You forgot...those little things that tend to make a rather crucial difference between a mediocre gamer and a decent racer.
"the importance of identifying and polishing your lines"
- See AI car
- Don't hit AI car (too hard)
- Drive around AI car any way you can
- It's okay to run over cones when you have to pass a dozen cars crowding a time trial course; just not all-red ones
Groundbreaking lessons!
"the importance of keeping momentum through turns and bleeding as little speed as possible"
- Start from the back of the grid
- Drive as fast as you can
- Brake much, much later than the cowardly AI
- If you slow down too much you won't catch 1st place
Wow, I've never seen anything like that in any Gran Turismo race before!
"the importance of delicacy in braking and accelerating during turns in midship cars"
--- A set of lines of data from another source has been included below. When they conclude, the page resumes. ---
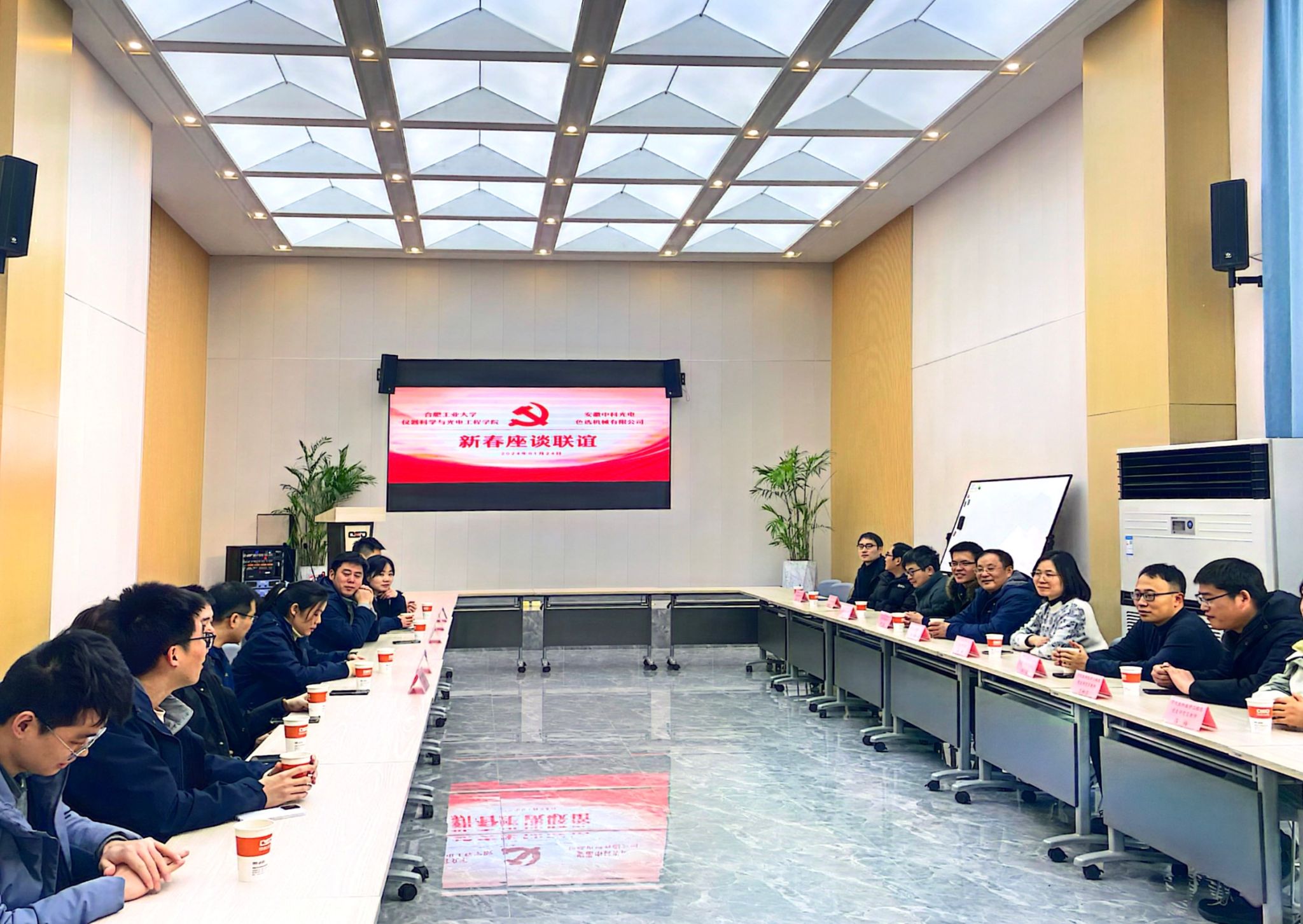 为推进校“双带头人”党支部书记成娟工作室(以下简称“双带头人”工作室)创建工作,进一步深入开展公司党委重点打造的校企党建联盟特色品牌活动,1月24日下午,英国正版365官方网站组织“双带头人”工作室赴党建联盟单位安徽中科光电色选有限公司开展党建共联暨新春联谊活动,公司正处级党建组织员游庆国、“双带头人”工作室相关人员参加此次活动。
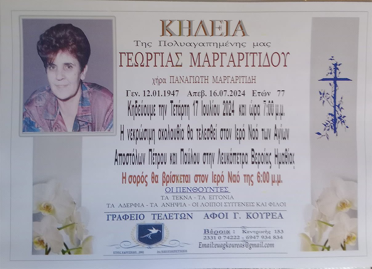 Έφυγε από τη ζωή και κηδεύεται σήμερα Τετάρτη 17 Ιουλίου 2024 στις 7.00 μ.μ. από τον Ιερό Ναό Αγίων Αποστόλων Πέτρου και Παύλου στην Λευκόπετρα Βέροιας η Γεωργία Μαργαριτίδου σε ηλικία 77 ετών.
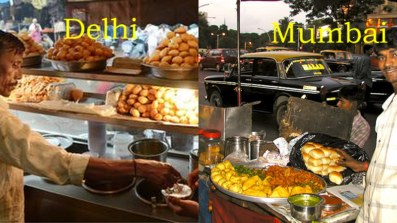 In both the cities, food is like a religion, necessity, joy and an addiction, enjoyed as one of the most important aspects of everyday life. Street food in Delhi is Papri Chaat, Golgappas and Aloo Tikkis. Whereas in Mumbai, street food is more of Pani Puri, Vada Pao and Bhel Puri.
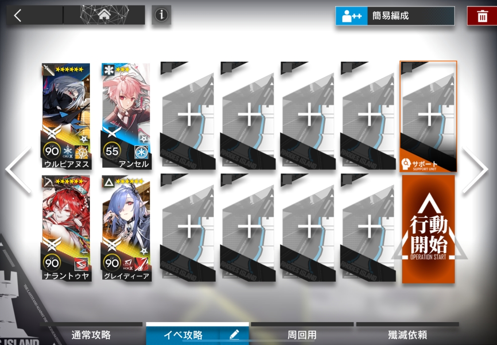 続いて、狙撃のナラントゥヤちゃんを早く起こしたいので、医療のアンセルきゅんをIN。

Fair point. I didn't think of it because when I did the challenge I was simply impressed that I could
finally enjoy a properly loose RWD car in a Gran Turismo game. Sailing into the first corner sideways under braking in the Elise was my first grin-inducing experience with GT5.
Mid-engined cars are all rather similar in this game, though (too similar IMO), so every race/challenge with an MR/MAWD car reinforces this lesson. Take license test IC-10, for example, which teaches everything you could learn from the Elise challenge, yet in a more plausible and rewarding setting.
It seems clear to me that the Top Gear challenges are Polyphony's attempt at TG-style humor, not TG-related lessons on driving skill. I thought
Fashion Cat's challenges were more topical and valuable -- learning to overcome a tough, single rival (assuming better AI as stated) in identical, similar, or slightly mismatched cars, encompassing a range of drivetrain layouts, curb weights, and power outputs.
You're the expert "armchair game designer," apparently, so what makes his suggested events so worthless?